▶ [INFORMATION PROVIDED]

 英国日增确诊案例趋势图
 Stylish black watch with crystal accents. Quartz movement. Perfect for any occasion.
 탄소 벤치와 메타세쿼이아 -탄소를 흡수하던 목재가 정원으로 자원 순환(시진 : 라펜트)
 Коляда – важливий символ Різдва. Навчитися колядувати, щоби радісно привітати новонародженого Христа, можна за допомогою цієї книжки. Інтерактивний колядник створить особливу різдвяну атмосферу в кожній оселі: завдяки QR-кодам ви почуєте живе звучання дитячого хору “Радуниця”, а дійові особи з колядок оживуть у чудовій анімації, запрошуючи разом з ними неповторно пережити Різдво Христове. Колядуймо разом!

--

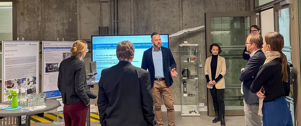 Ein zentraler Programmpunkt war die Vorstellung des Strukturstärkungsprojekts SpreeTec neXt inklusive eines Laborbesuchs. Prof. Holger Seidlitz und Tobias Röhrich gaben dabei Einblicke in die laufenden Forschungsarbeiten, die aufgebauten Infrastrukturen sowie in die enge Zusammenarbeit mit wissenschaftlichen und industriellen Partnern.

...

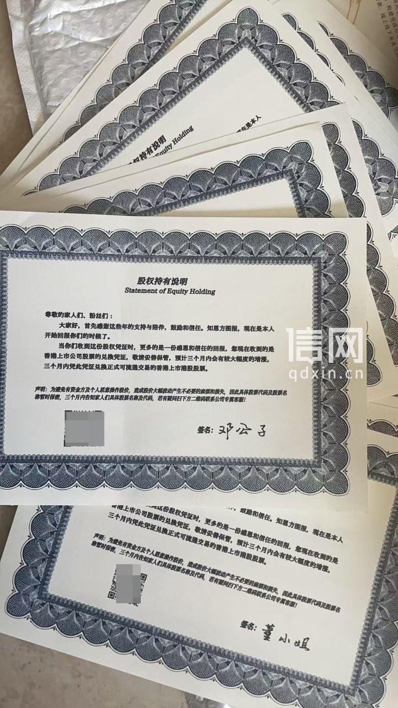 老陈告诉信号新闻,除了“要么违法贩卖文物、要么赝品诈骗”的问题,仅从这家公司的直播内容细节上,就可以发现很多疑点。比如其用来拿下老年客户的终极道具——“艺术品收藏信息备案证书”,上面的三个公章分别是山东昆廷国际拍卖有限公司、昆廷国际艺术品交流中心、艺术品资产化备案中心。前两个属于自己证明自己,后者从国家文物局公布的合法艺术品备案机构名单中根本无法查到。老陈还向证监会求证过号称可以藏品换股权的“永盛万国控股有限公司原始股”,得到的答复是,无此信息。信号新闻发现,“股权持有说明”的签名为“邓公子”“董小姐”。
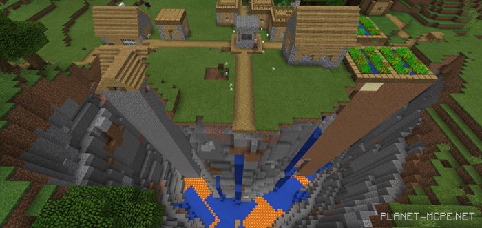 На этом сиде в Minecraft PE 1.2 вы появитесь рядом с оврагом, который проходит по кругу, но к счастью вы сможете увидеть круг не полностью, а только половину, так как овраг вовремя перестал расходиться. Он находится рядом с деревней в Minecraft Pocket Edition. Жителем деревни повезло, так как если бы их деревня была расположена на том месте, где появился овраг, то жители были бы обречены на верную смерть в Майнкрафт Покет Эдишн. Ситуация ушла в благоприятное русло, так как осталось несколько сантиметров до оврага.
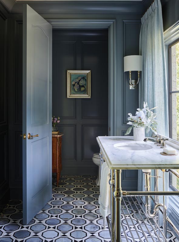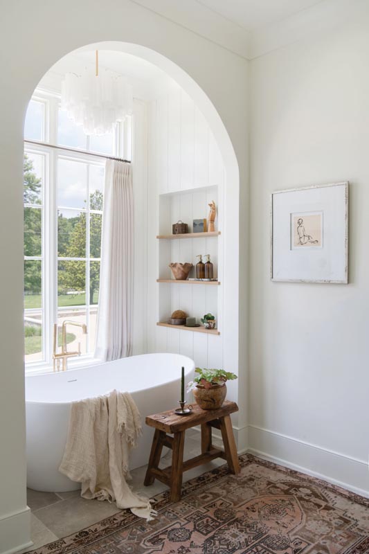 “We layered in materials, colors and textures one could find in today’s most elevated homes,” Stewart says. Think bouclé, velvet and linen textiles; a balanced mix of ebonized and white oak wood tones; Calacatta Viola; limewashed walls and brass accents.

▶ [HOW TO COMPLETE THIS TASK] Give back, word for word, only the lines above from the line holding "英国日增确诊案例趋势图" to the line holding "Коляда – важливий", both included.

▶ [RESULT BELOW]
 英国日增确诊案例趋势图
 Stylish black watch with crystal accents. Quartz movement. Perfect for any occasion.
 탄소 벤치와 메타세쿼이아 -탄소를 흡수하던 목재가 정원으로 자원 순환(시진 : 라펜트)
 Коляда – важливий символ Різдва. Навчитися колядувати, щоби радісно привітати новонародженого Христа, можна за допомогою цієї книжки. Інтерактивний колядник створить особливу різдвяну атмосферу в кожній оселі: завдяки QR-кодам ви почуєте живе звучання дитячого хору “Радуниця”, а дійові особи з колядок оживуть у чудовій анімації, запрошуючи разом з ними неповторно пережити Різдво Христове. Колядуймо разом!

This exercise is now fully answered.